What you need to do: Return the lines that run from the beginning of the entries to the line holding "This featured pen", inclusive, and drop the pictures.

Data to use:
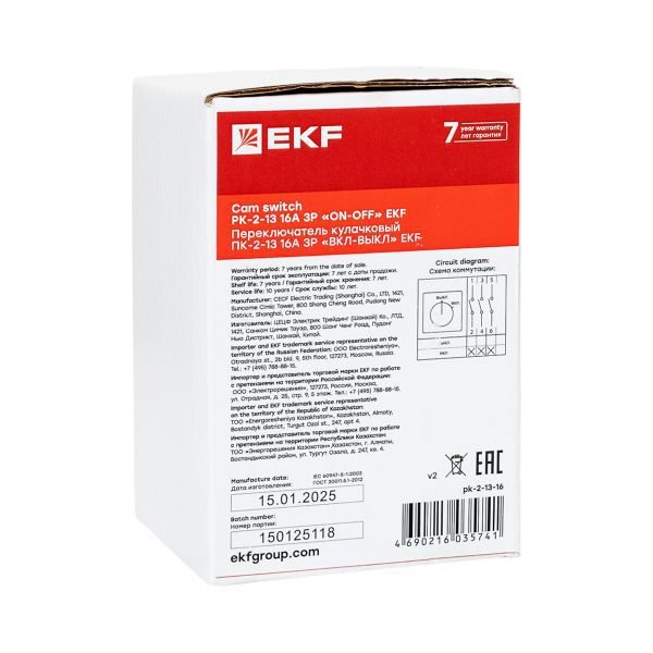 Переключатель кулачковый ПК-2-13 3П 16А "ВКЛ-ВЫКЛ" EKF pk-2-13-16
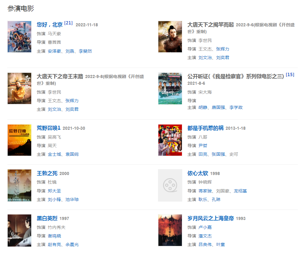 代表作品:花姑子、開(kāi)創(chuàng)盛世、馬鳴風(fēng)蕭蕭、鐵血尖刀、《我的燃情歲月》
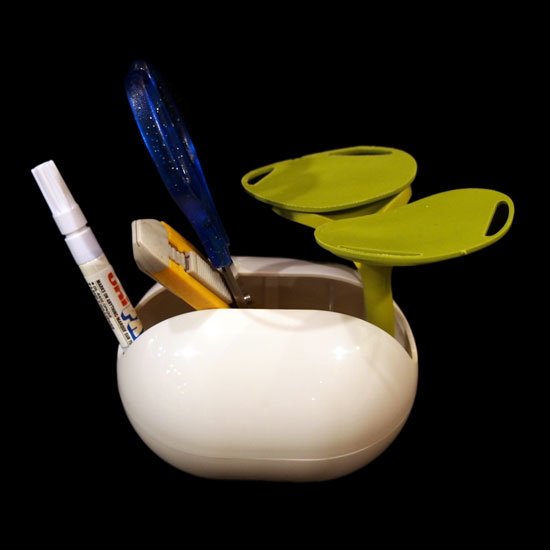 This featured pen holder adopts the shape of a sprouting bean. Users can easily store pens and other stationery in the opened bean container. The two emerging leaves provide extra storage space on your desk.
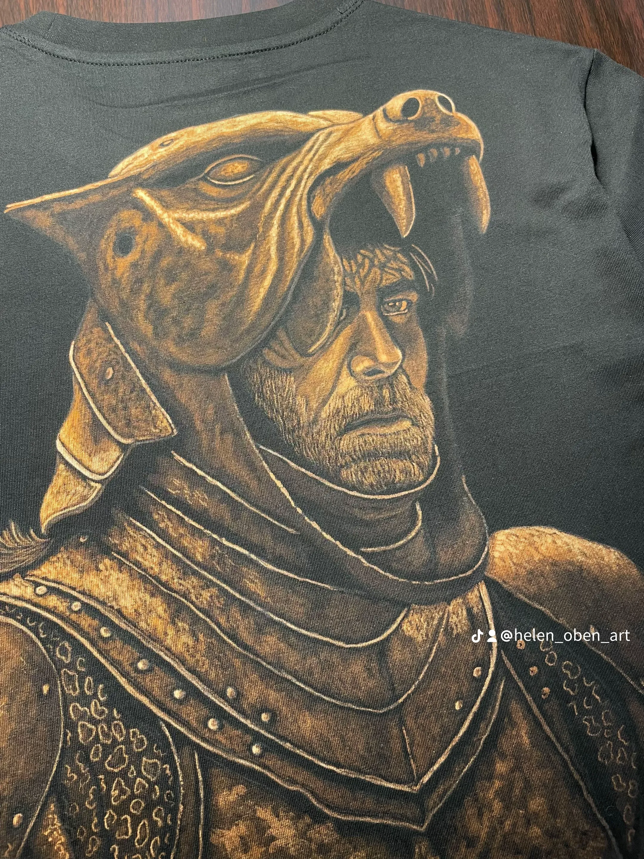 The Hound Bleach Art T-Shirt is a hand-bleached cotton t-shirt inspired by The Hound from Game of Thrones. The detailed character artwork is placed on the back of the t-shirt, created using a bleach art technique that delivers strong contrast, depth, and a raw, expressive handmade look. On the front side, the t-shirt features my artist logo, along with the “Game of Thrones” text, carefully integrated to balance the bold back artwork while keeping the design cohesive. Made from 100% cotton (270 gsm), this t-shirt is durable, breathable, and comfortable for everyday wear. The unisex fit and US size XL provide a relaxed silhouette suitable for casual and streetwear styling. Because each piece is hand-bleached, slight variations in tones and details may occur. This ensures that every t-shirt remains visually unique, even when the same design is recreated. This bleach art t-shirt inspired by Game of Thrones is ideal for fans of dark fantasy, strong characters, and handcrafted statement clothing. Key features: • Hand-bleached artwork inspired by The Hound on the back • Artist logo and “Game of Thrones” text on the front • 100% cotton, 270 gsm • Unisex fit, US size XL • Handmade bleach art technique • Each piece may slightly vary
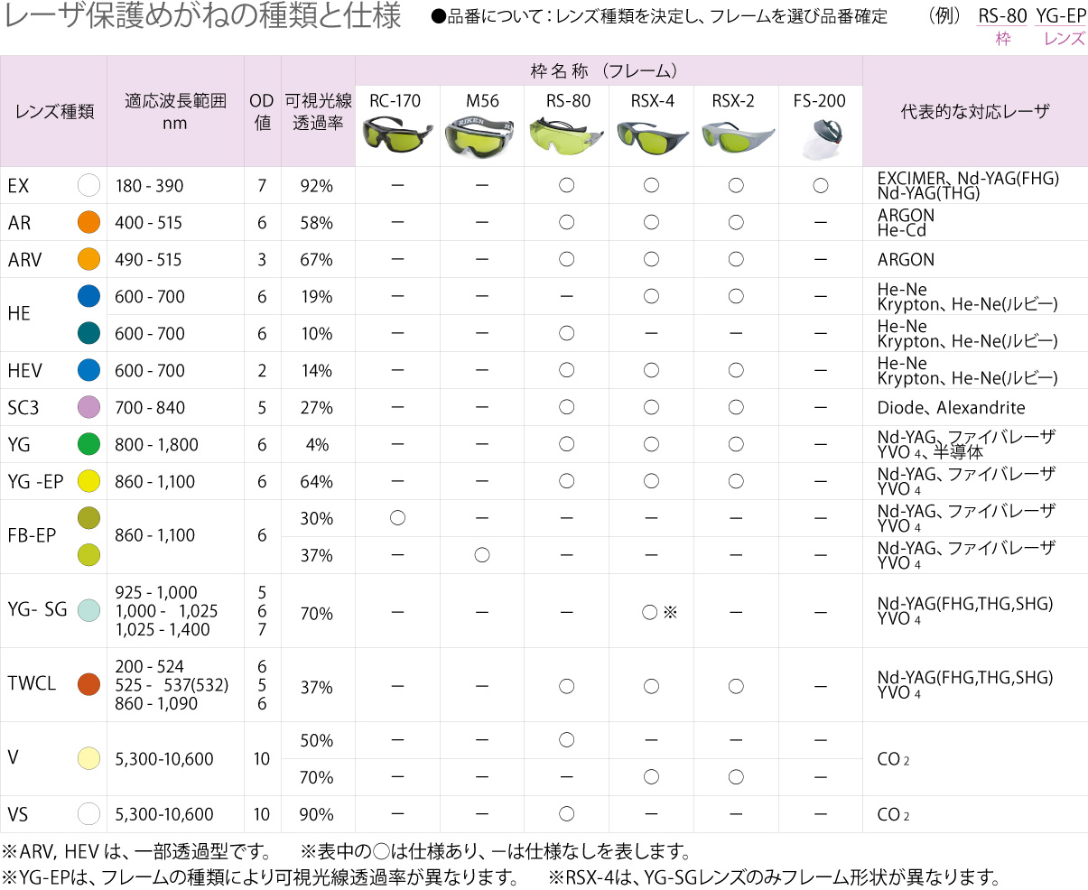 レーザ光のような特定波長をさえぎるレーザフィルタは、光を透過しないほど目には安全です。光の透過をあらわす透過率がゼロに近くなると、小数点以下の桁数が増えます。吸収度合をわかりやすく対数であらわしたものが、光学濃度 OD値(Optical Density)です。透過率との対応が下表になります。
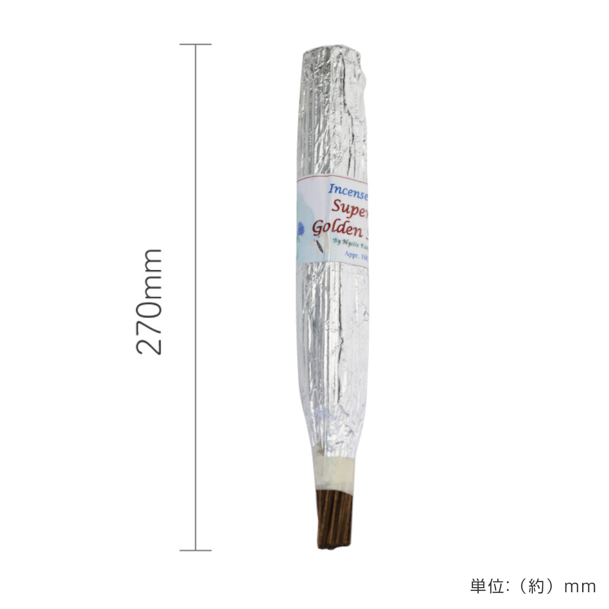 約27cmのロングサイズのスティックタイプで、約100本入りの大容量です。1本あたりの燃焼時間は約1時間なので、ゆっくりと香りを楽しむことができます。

Exercise response:
 Переключатель кулачковый ПК-2-13 3П 16А "ВКЛ-ВЫКЛ" EKF pk-2-13-16
 代表作品:花姑子、開(kāi)創(chuàng)盛世、馬鳴風(fēng)蕭蕭、鐵血尖刀、《我的燃情歲月》
 This featured pen holder adopts the shape of a sprouting bean. Users can easily store pens and other stationery in the opened bean container. The two emerging leaves provide extra storage space on your desk.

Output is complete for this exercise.